- Born: 5 August 1948 (age 77)
- Education: Didsbury Technical High School
- Alma mater: Manchester Polytechnic
- Known for: CEO of BAE Systems, 2002–2008

= Michael Turner (businessman) =

British businessman (born 1948)

Michael John Turner CBE (born 5 August 1948) is the former chief executive officer (CEO) of the aerospace and defence company BAE Systems, former chairman of Babcock International and prior to the hostile takeover by Melrose was chairman of GKN plc.

==Early life==
He attended Didsbury Technical High School (became Wilbraham High School in 1965) on School Lane in Didsbury. He gained a BA from Manchester Polytechnic in 1970, whilst working for Hawker Siddeley Aviation which he joined in 1966.

==Career==
Turner replaced the previous CEO at BAE Systems plc, John Weston, in March 2002 who was dismissed. Turner has previously been a chief operating officer (COO) of the company, responsible for all of the company's business units.

Both Turner and BAE's previous chairman, Sir Richard Evans, have had an abrasive relationship with senior Ministry of Defence officials. The relationship deteriorated over cost over-runs and delays to major procurement projects, for example BAE announced a shock profit warning in December 2002 related to two major projects, the and the Nimrod MRA4. BAE took a £750 million hit against these projects.

On 15 October 2007 it was announced by BAE Systems that Turner would step down from his role in 2008. On 1 September 2008 Ian King the COO took over from Turner as CEO.

Turner is a member of the Apprenticeship Ambassadors Network and was awarded the prestigious "Honorary Apprenticeship Award" in July 2009.

===Career timeline===
- 1966 - Undergraduate Commercial Apprentice, Hawker Siddeley Aviation.
- 1970 - Contracts Officer, Hawker Siddeley Aviation.
- 1978 - Contracts Manager (Military), British Aerospace Aircraft Group Manchester Division.
- 1981 - Executive Director - Administration, British Aerospace
- 1982 - Divisional Administration Director, British Aerospace
- Early 1980s to 1984 - Advanced Turboprop (ATP) Project team leader, British Aerospace
- 1984 - Divisional Director and General Manager, Kingston, British Aerospace.

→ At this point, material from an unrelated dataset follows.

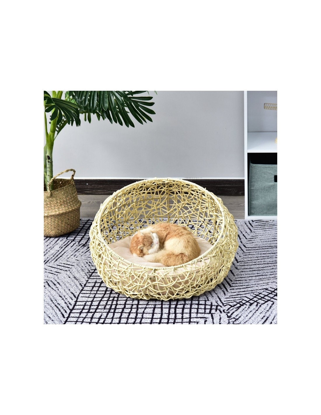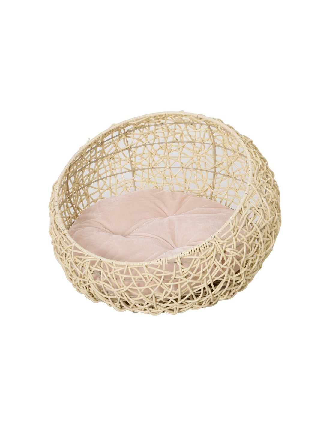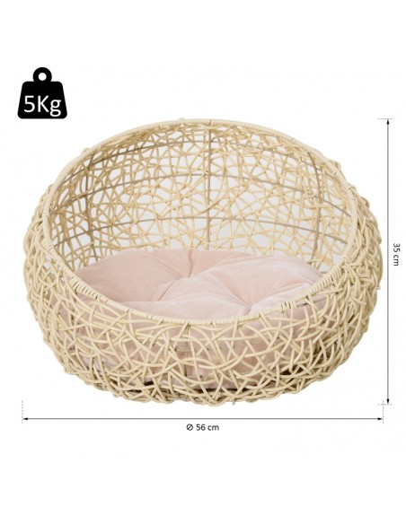Katteseng udført i et design af polyrattan og bomuld. Kattesengen måler 35 cm i højden og 56 cm i bredde og dybde. Vi anbefaler ikke at sengen står udendørs når der er fugt eller regnvejr.

Responsible for BAE's Kingston and Dunsfold Park facilities, which manufactured the Harrier and Hawk aircraft respectively.
- 1986 - Director and General Manager, Weybridge, Kingston and Dunsfold, part of BAe's Military Aircraft Division.
- 1987 - Director Marketing and Product Support, BAe Military Aircraft Division.
- 1988 - Executive Vice President Defence Marketing, British Aerospace
- 1992 - Chairman and Managing Director, British Aerospace Regional Aircraft and Chairman of Jetstream Aircraft.
- 1994 - Promoted to the British Aerospace board as of 1 January
- 1994 - Chairman of Commercial Aerospace, which included BAE's Airbus factories.
- 1995 - Vice-President of the Society of British Aerospace Companies until 1996, then President from June 1996 until June 1997.
- 1996 - Non-Executive Director of Babcock International Group.
- 1996 - Head of BAE's defence export businesses
- 1998 - Appointed to the Airbus Supervisory Board. Retained this seat with the formation of Airbus SAS in 2001 until BAE sold its 20% share in 2006.
- 1999 - With the formation of BAE Systems, became Chief Operating Officer.
- 2002 - Replaced John Weston as CEO.
- 2005 - Non-Executive Director of P&O. Stepped down in March 2006.
- 2006 - Executive Directorship at Lazard Ltd
- 2008 - Non-Executive Chairman of Babcock International Group.
- 2012 - Non-Executive Chairman of GKN Plc
- 2018- Non-Executive Barclays PLC

==Personal life==
In 1972, he married Rosalind Thomas and they have two sons. He received a CBE for services to the Aerospace Industry in the Queen's 1999 Birthday Honours. 2014 NED FTSE 100 Chairman of the year.